Far too often, we stereotype leaders as people who take action. Society forgets that true leadership does not solely revolve around doing, but also necessitates clear communication and connection. These latter components are what help to elevate someone who is a great worker into someone who transforms their entire environment.

Now, this is not to say that the concept of “leading by example” is dead- leaders naturally do this as they work their way into a more visible position within a firm; however, what happens when they actually become a CEO, President, or another valued member of the Executive Team? They communicate. They effectively motivate and delegate, putting the right people in the right place at the right time. Without connecting to peers and rallying internal support, even the most business savvy decisions will fail to be properly implemented.

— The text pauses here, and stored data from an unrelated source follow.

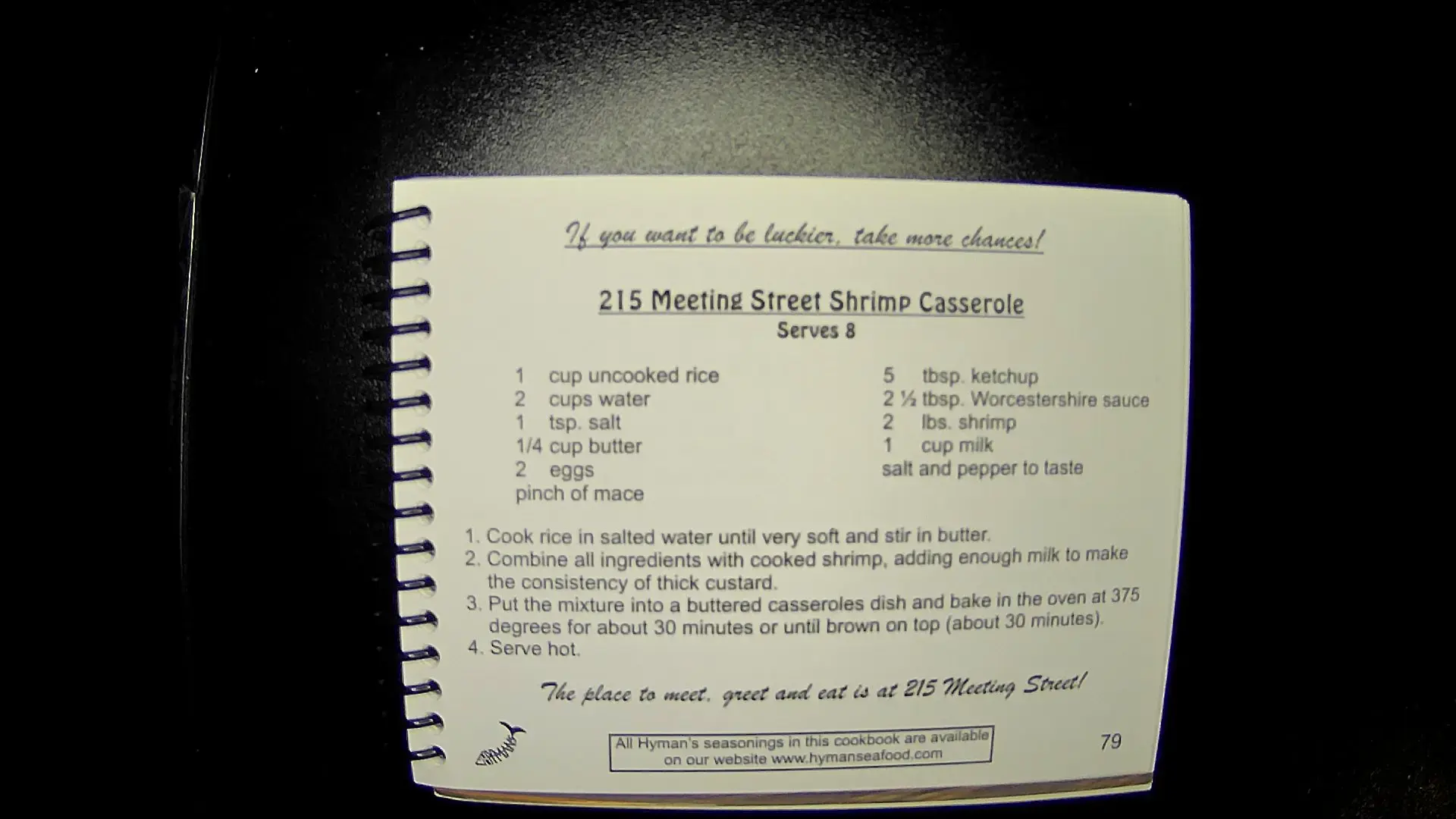 Here's the text from the image: --- **If you want to be luckier, take more chances!** **215 Meeting Street Shrimp Casserole** **Serves 8** - 1 cup uncooked rice - 2 cups water - 1 tsp. salt - 1/4 cup butter - 2 eggs - pinch of mace - 5 tbsp. ketchup - 2 1/2 tbsp. Worcestershire sauce - 2 cups shrimp - 1 cup milk - salt and pepper to taste **Instructions:** 1. Cook rice in salted water until very soft and stir in butter. 2. Combine all ingredients with cooked shrimp, adding enough milk to make the consistency of thick custard. 3. Put the mixture into a buttered casseroles dish and bake in the oven at 375 degrees for about 30 minutes or until brown on top (about 30 minutes). 4. Serve hot. **The place to meet, greet and eat is at 215 Meeting Street!** --- Let me know if you need anything else!llm
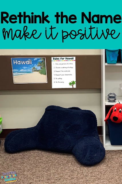 Last summer, I saw Dr. Jean speak at a local college and she suggested renaming the calm down spot to a fun name or the name of a place when you would actually want to go. So last school year, I renamed this area of my room and “Hawaii” was born. I printed out a photo of Hawaii and ran with it. I don’t have space in my classroom for an extra calm down area, so I took a chance and put Hawaii in my classroom library area.
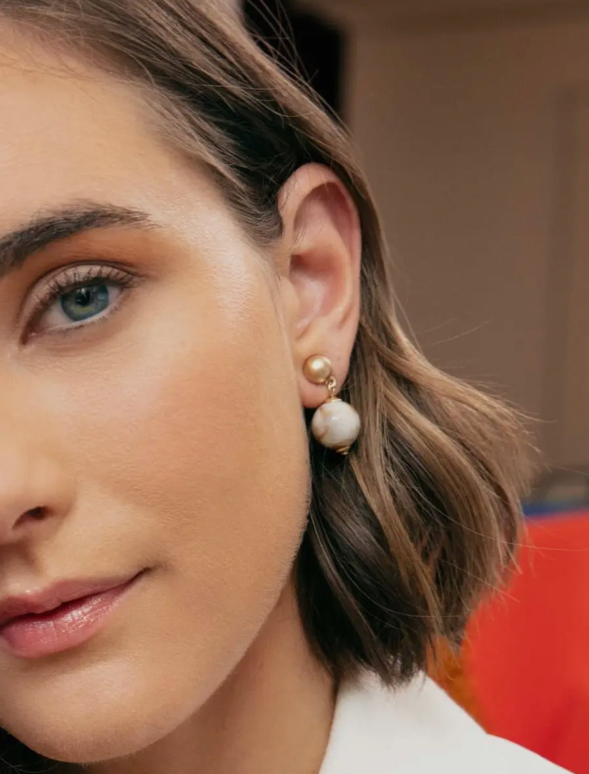 These 18k gold plated post earrings are adorned with beautiful 14mm resin beads, The small drop style makes this an easy earring to go from day to nigh adding the perfect amount of glam to any outfit,

Furthermore, leaders communicate a clear and elevating goal to their team. In 1961, discomfited by the Soviet Union’s success in space, John F. Kennedy announced to the world that the United States was going to be the first country to put a man on the moon and do it before the end of the decade. The reverberating effect of this message was felt immediately. After his address, President Kennedy toured NASA and stopped a janitor mid-visit to ask, “What’s your job at NASA?” The janitor replied, “It’s my job to help put a man on the moon.” Talk about the effect of words! All levels of leadership at NASA focused on directly tying each team member’s job to the overall goal. These people were not just collecting a paycheck, they were coming to work to make a difference.

Another commonly considered component of natural leadership is making the right decision, even in the face of adversity. Surely this decision constitutes “action”? You’re only half right. Consider this – your tough decision, whatever it may be, is usually more about sending a message than the actual decision itself. For example, firing a complacent employee and promoting an up-and-comer can prove motivational to the rest of the employees. This action implicitly communicates that hard work and performance will be rewarded. Again, this is merely one example of why actions must have a dedicated message behind them in order for a leader to take his/her company to another level.

Although this may all come across as common sense, most people still shun the notion that leading is about communication and connection. To the uninitiated, it sounds fluffy – not sexy, strong, or powerful. However, true communication skill and the power of connection take a different kind of strength. These leaders must have the courage to look in the mirror at times and make necessary yet unpopular changes. They must have the discipline to stand by their values. They must have the perseverance to ensure that their message is appropriately tailored for all individuals under their purview. This unique type of inner-strength is essential turning a great worker into a great leader.